Manufacturing AUTOMATION

Features Opinion
How to achieve power supply reliability

The increase in the use of field-mounted equipment that requires a reliable power supply reinforces the need for power supply equipment and designs. Unfortunately, when I talk to companies that normally provide AC/DC converters or UPS supplies, few of them provide the option of a unit suitable for installation any place other than the confines of a nice clean interface room, or at most an unclassified area.

The reality is that remote I/O, wireless access points and similar equipment are typically mounted in Class I Division 2 (Zone 2) classified areas.

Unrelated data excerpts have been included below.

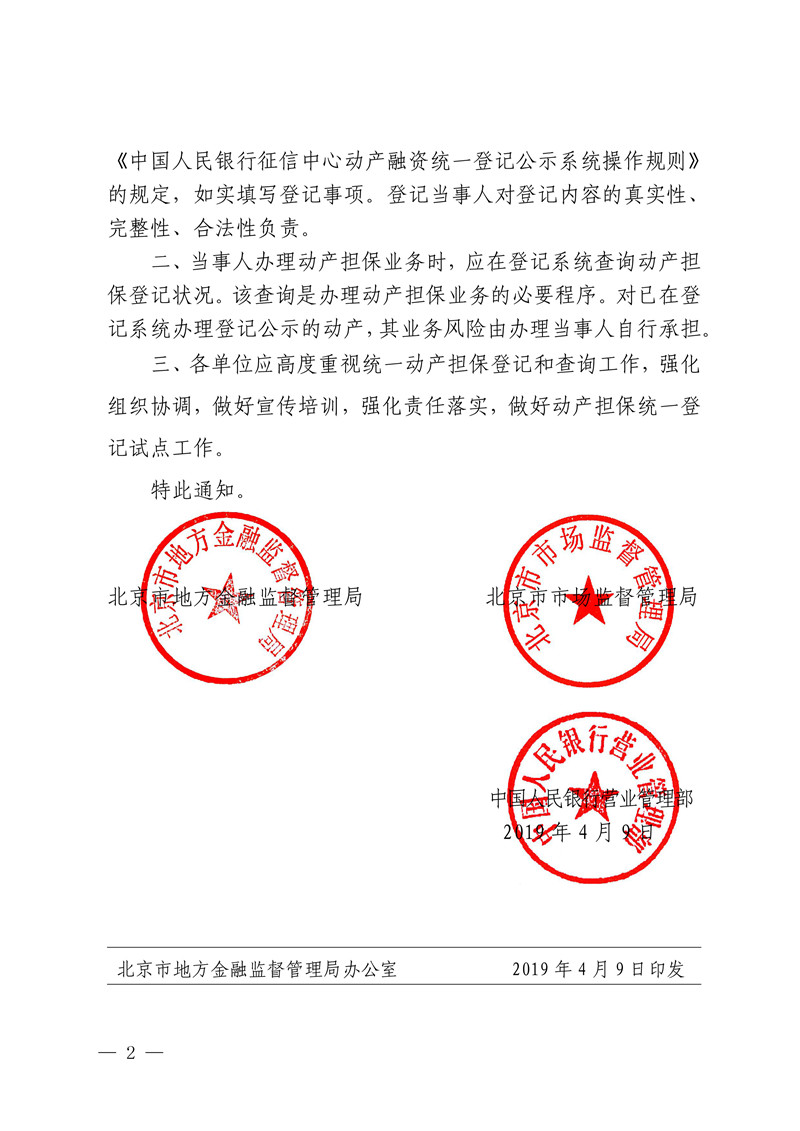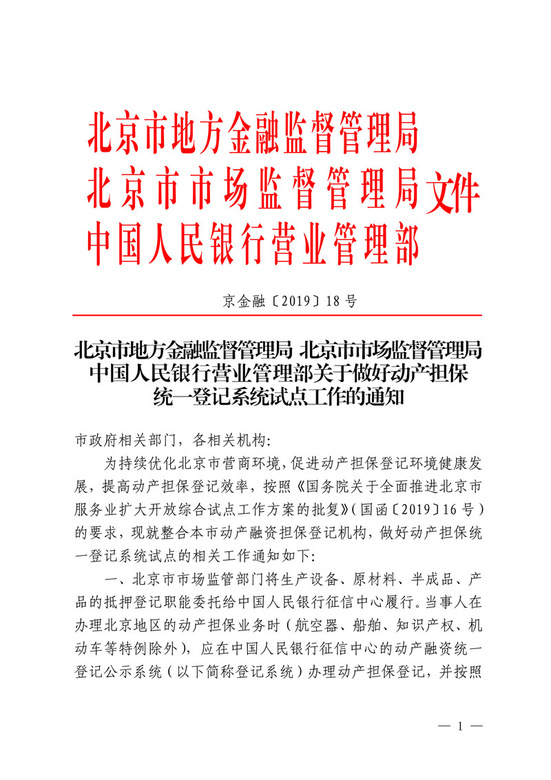 根據北京市地方金融監督管理局、北京市市場監督管理局、中國人民銀行營業管理部《關於做好動産擔保統一登記系統試點工作的通知》(京金融[2019]18号),北京市決定開展動産擔保統一登記系統試點工作。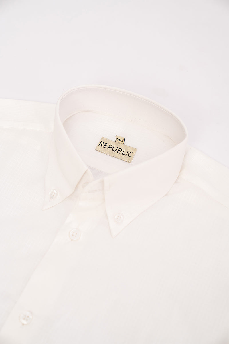 Off white formal shirt in tailored fitting with line texture on the fabric.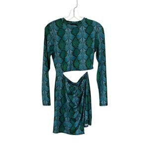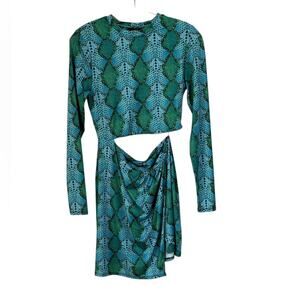 AFRM: Iman Snakeskin Print Cutout Long Sleeve Minidress in Teal Snake – Med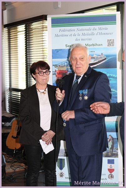 Lors de notre cérémonie des vœux 2026 où nous étions environ 130 personnes à la salle Verrière au port de pêche de Lorient nous avons mis à l'honneur Mr Jean-Paul Burguin ancien patron pêcheur lorientais et réprésentant de la SAMMARLA. Il a été promu officier dans l'ordre du Mérite maritime et décoré par Mr Le Falher Guy. Mme Sophie Guillermic, experte pêche et cultures marines, responsable départementale de BPGO et Mr Patrice Valton, ancien avocat maritime et maire de Larmor-Plage ont été respectivement décorés de la médaille de chevalier par Mr Olivier Le Nezet (Président du Comité national des pêches et du port de Lorient (Morbihan) Télégramme O.F O.F lorient.maville.com

So why are there so few options on the market that meet the requirements for reliable field mounting? First, I should explain what I feel a reliable field-mounted power supply should contain, besides, of course, the AC or 24 VDC power:
• Redundancy. The power supply should be redundant so that if one unit fails, there is no interruption in the output. As is done with most Foundation Fieldbus power supplies, this will likely mean a load-sharing configuration sized for 120 percent or better of load to handle surges during switch over and while repairs are being made.
• Separate mains. Each of the power supplies should be fed from two separate mains. The majority of larger facilities have an A and B bus in the plant so that maintenance can be done on the electrical system without requiring a full plant outage.
• Minimal points of failure. To provide the highest level of reliability, there should be minimal single points of failure, so the backplane for the units should not have any active components that could possibly fail. Any electronics should be mounted on pluggable modules that reside on this passive backplane so that they can be both easily serviced and upgraded in the future.
• Component failure. Some form of component failure needs to be included that can annunciate both locally and remotely via the control system. The remote indication can be either a single contact, a fieldbus signal or a wireless transmission to the DCS.
• UPS capability. The system should have UPS capability to not only clean up any noise in the resulting power output, but also to provide time for the components being powered from this supply to fail in a graceful manner, or at least give the operators time to take the appropriate action. Of course with the redundancy above, the batteries for the UPS will not be stressed too often, so the system should also include some way of testing them on a regular basis.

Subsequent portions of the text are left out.